Peter speaks to Cornelius and his people, saying that he has come to know that “God shows no partiality.” Peter then bears witness to the life, death, and resurrection of Jesus. As Peter speaks, the Holy Spirit falls “upon all who heard the word” and “the gift of the Holy Spirit [is] poured out even on the Gentiles.” Hear the astonishment in the author’s voice? EVEN on the Gentiles!
The Gentiles speak in tongues and praise God. Peter’s Jewish colleagues are astonished. Peter continues saying, “Can anyone withhold the water for baptizing these people who have received the Holy Spirit?” Cornelius and his people are baptized.
The boundaries are crossed, the barriers smashed; and once again we witness the inclusive extravagance of the Holy Spirit and the wideness of God’s grace. Nothing more and nothing less. Where might we find – or not – such Spirit-inspired demolition today?
This from a May 4th article on The Episcopal Cafe website:
“Rich McCaffrey and his partner Eric are new fathers. They have been attending the Episcopal Cathedral of St Luke, Orlando, FL and wanted to have son Jack baptized. Rich posted on FB:
‘We spent time discussing our desire to baptize Jack with the Dean, Anthony Clark. We were open with him about our family and that we wanted the focus to be placed, where it should, on Jack. The Dean was welcoming and open about the congregation, explaining it was a mix of conservative- and liberal-minded people. He agreed to Jack’s baptism, and recommended we opt for the 6 p.m. service, since those who worship at that time tend to be the most “open’.
“And so the baptism was scheduled for April 19, and friends and family were coming from far and near. But shortly before the day, something went wrong.” Rich continues:
‘On Thursday, April 16 we received a message from Dean Clark asking us to contact him regarding “a development” concerning the baptism. With relatives in the room, I called and what I heard still creates a lump in my throat.
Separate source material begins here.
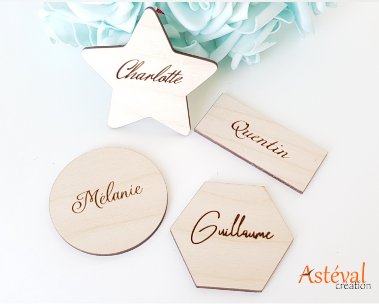 Pour un mariage , personnalisez votre décoration de table avec des marque-places en bois floral, avec leurs prénoms gravés dessus ou autre selon votre imagination.

The Dean shared there were members of the congregation who opposed Jack’s baptism and although he hoped to resolve the conflict, he was not yet able to.
“[The Dean admitted] that “the issue is with you and Eric being the first two men who will baptize their child at the Cathedral.” He offered his apologies, explaining this was a bigger deal because of the exposure that comes along with the baptism taking place at the Cathedral. In essence “this is not ‘no’ forever, just not now”.’”
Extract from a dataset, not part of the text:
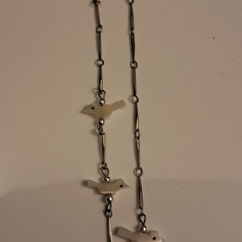 Kaunis lintuaiheinen vintageriipus noin 34 x 20 mm. Cordell kaulaketju noin 45 cm. Koruissa ei ole leimoja, joten ne ovat luultavasti korumetallia. Riipuksen reunassa siivenkärjessä (kuvassa oikealla) on halkeama, riipuksessa ja ketjussa patinaa.

Boundaries. Still real. Hearts hardened by the politics of protecting “their” vision of God’s Kingdom are still erecting barricades against the work of the Holy Spirit, even within parts of today’s church.
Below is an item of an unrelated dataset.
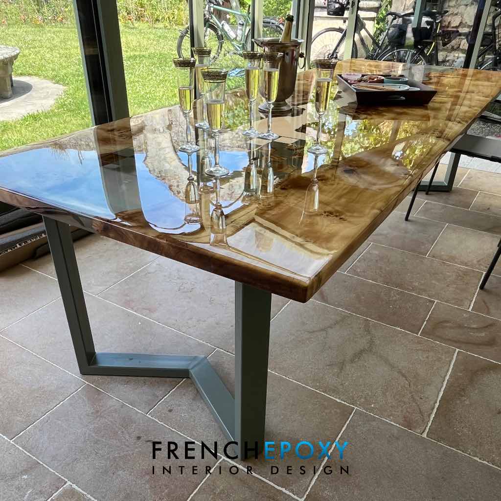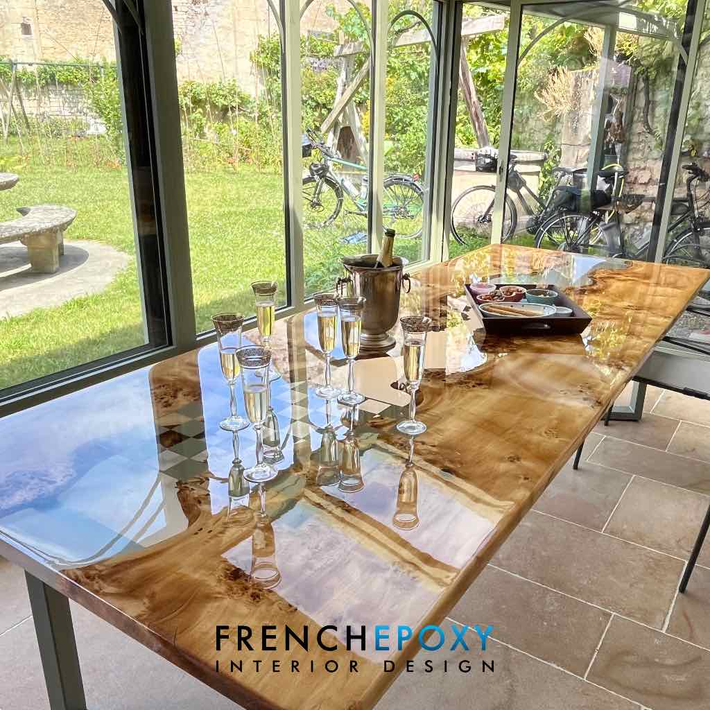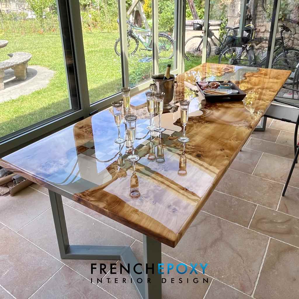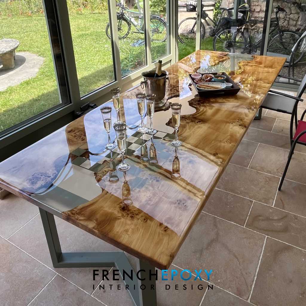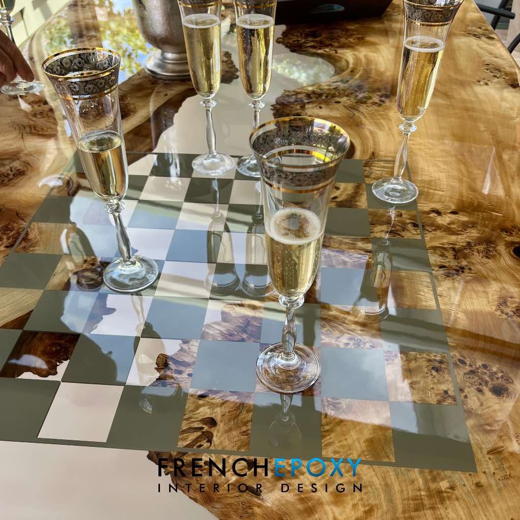 Chaque table en bois et résine époxy avec échiquier est fabriquée à la main, garantissant une finition irréprochable et une durabilité exceptionnelle. Le veinage naturel du bois et la transparence de la résine rendent chaque modèle totalement unique.

But then there comes this from the newsletter of First Baptist Church, Greenville, SC:
“–We are a covenant people, bound together, not by agreement on all issues, but by our desire to worship and serve together, and by our commitment to embody and embrace the spirit of Christ. We welcome, honor, and respect the views of all members.
–Being open and welcoming to all people is part of the essential nature of our community of faith. [Therefore] in all facets of the life and ministry of our church, including but not limited to membership, baptism, ordination, marriage, teaching and committee/organizational leadership, First Baptist Greenville will not discriminate based on sexual orientation or gender identity.”
–We are a community of believers in God as revealed in Jesus Christ as Lord. We believe in the authority of the Bible, the equality of all members, unity in diversity, and the priesthood of all believers. In communion with and through the power of the Holy Spirit, we follow the Way of Jesus Christ and share the Good News through worship, education, ministries and missions. As an autonomous Baptist church, we value our heritage and the freedom it allows us to minister alongside other groups, both Christian and non-Christian. We express our love for all in gratitude for the love God has shown to us.’”
These are dangerous stories – one dangerous in its insistence that Christ’s very own church is able to erect barriers and block the work of the Holy Spirit; the others in their witness to what the Spirit just might break through and do for those who abide in Christ’s love by living out his commandments so that they might love one another as He loved us.
For perhaps, just perhaps, the Holy Spirit will pour down EVEN on Trinity Church, Clarksville TN; empowering us to see visions and dream dreams – to cross boundaries, destroy barricades and enter ever more deeply into the extravagantly inclusivity of God’s grace and kingdom – EVEN here, EVEN now.